Professores orientadores dos estágios supervisionados de licenciaturas do Brasil - o que apontam as teses nacionais (2014 - 2018)

Para adentrarmos na análise das produções, organizamos o Quadro 1 a seguir, com informações importantes das pesquisas inventariadas, as quais nos permitem entender em que contextos foram materializadas, os objetivos das investigações, entre outras informações.

Quadro 1 Teses sobre professores orientadores de estágios de licenciatura do Brasil (2014-2018) 

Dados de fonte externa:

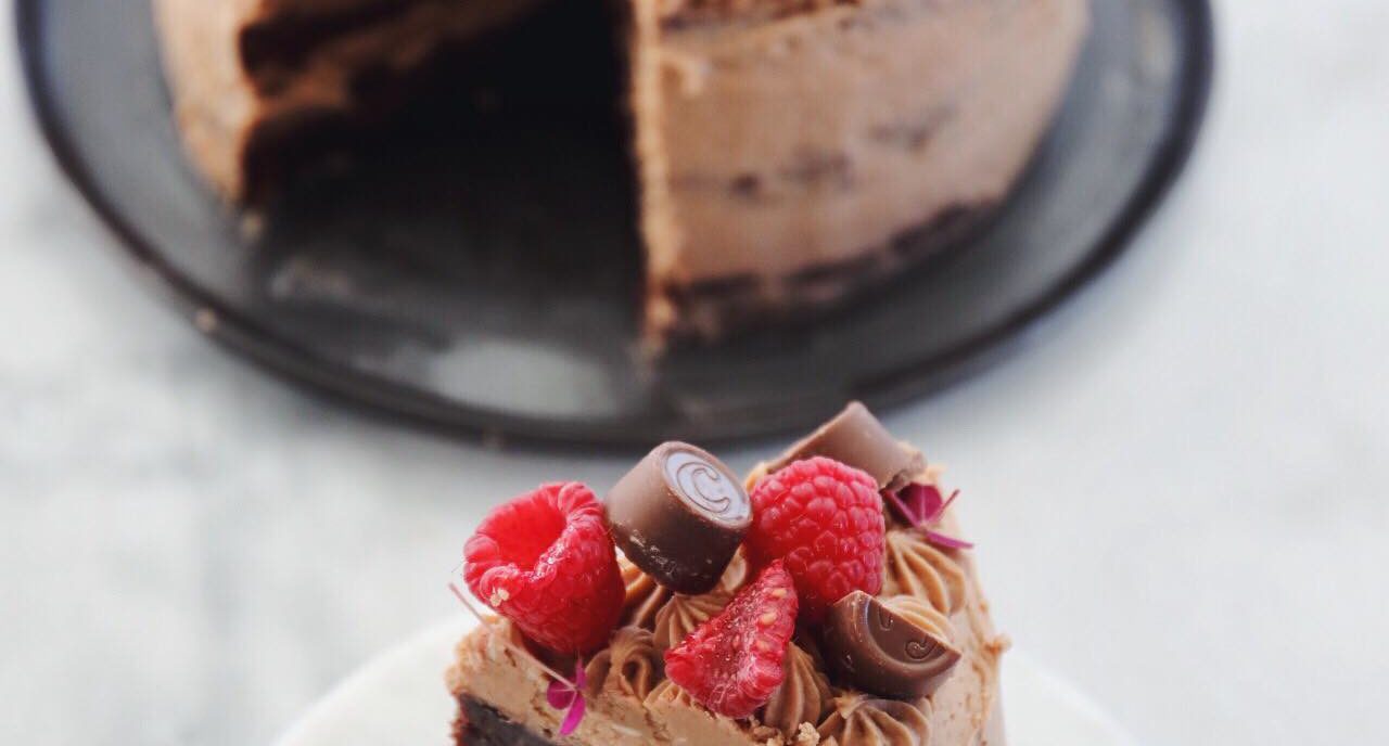 Placer en bund på det fad, du gerne vil servere kagen på og smør ¼ af chokoladesmørcremen ud på bunden. Sørg for at det kommer godt ud til kanterne. Når du har smurt det sidste creme ud på den sidste bund, kan du smøre kagen op med resten af cremen. Hvis der er mere creme tilbage kan du, ligesom jeg har gjort, sætte små dutter ovenpå kagen med en stjernetyl og pynte med hindbær, Toffifee, Center og skovsyre. Velbekomme!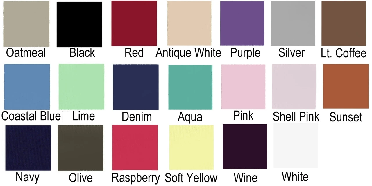 | Color Required | Antique White, Aqua, Black, Coastal Blue, Denim Blue, Lt. Coffee, Navy, New Lime, Oatmeal, Olive, Pink, Purple, Raspberry, Red, Shell Pink, Silver, Soft Yellow, Sunset, Wine, White |
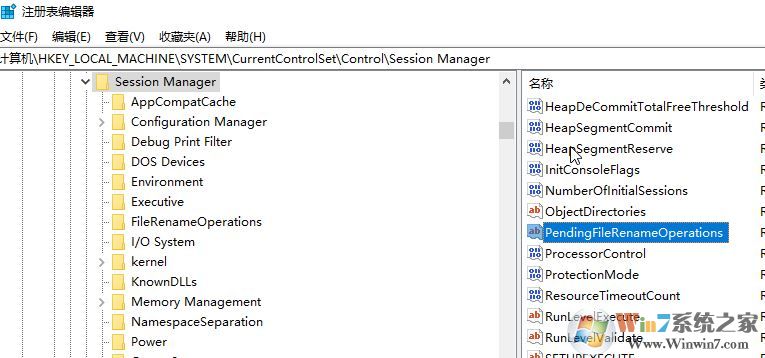 HKEY_LOCAL_MACHINE\SYSTEM\CurrentControlSet\Control\Session Manager,然后在右側(cè)框中找到PendingFileRenameOperations

Título Autoria e orientação Universidade Objetivos do Estudo
Estágio Curricular Supervisionado no Curso de Pedagogia da UFPI: tessituras da relação teoria e prática na formação de professores Maria do Socorro Soares (2016) Orientação: Monique Adries Nogueira Universidade Federal do Rio de Janeiro - UFRJ Educação Investigar a estruturação e desenvolvimento do estágio curricular do curso de Pedagogia, na Universidade Federal do Piauí, campus Ministro Petrônio Portela, em Teresina, a partir da concepção de estágio de professores orientadores e supervisores.
Professoras Orientadoras de Estágio Supervisionado em Curso de Pedagogia: desenvolvimento profissional docente e sentidos atribuídos à função de orientação Kátia Silene da Silva (2017) Orientação: Renata Cristina Oliveira Barrichelo Cunha Universidade Metodista de Piracicaba - UNIMEP Educação Compreender o processo de desenvolvimento profissional de professoras orientadoras de Estágio Supervisionado do Curso de Pedagogia e analisar os sentidos que elas atribuem à sua função como orientadoras.
Pedagogia Específica de Orientação de Estágio: uma investigação narrativa Luana Rosalie Stahl (2017) Orientação: Silvia Maria de Aguiar Isaia Universidade Federal de Santa Maria - UFSM Educação Compreender de que modo a pedagogia específica de estágio curricular supervisionado se constitui a partir de documentos oficiais e, principalmente, dos professores orientadores.
Aprendizagem Docente do Professor Orientador no Estágio Curricular Supervisionado em Cursos de Licenciatura Sybelle Regina Carvalho Pereira (2017) Orientação: Doris Pires Vargas Bolzan Universidade Federal de Santa Maria - UFSM Educação Compreender como ocorre a aprendizagem docente do professor orientador no contexto do estágio curricular supervisionado nas licenciaturas.
Estágio curricular supervisionado na licenciatura em Matemática: um componente curricular em discussão Iara Zimmer (2018) Orientação: Bárbara Lutaif Bianchini Pontifícia Universidade Católica de São Paulo - PUC/SP Educação Matemática Investigar o estágio curricular em licenciaturas em matemática por meio de entrevistas com sete professores orientadores e 20 estagiários, buscando identificar o estágio como espaço fundamental na formação docente.
Os Saberes Docentes do Orientador de Estágio Curricular do Curso de Licenciatura em Geografia Luzianny Borges Rocha (2018) Orientação: Luis Távora Furtado Ribeiro Universidade Federal do Ceará - UFC Educação Compreender os saberes do orientador de estágio curricular do Curso de Licenciatura em Geografia da UFC, correlacionando com a sua formação e prática docente no contexto de práxis.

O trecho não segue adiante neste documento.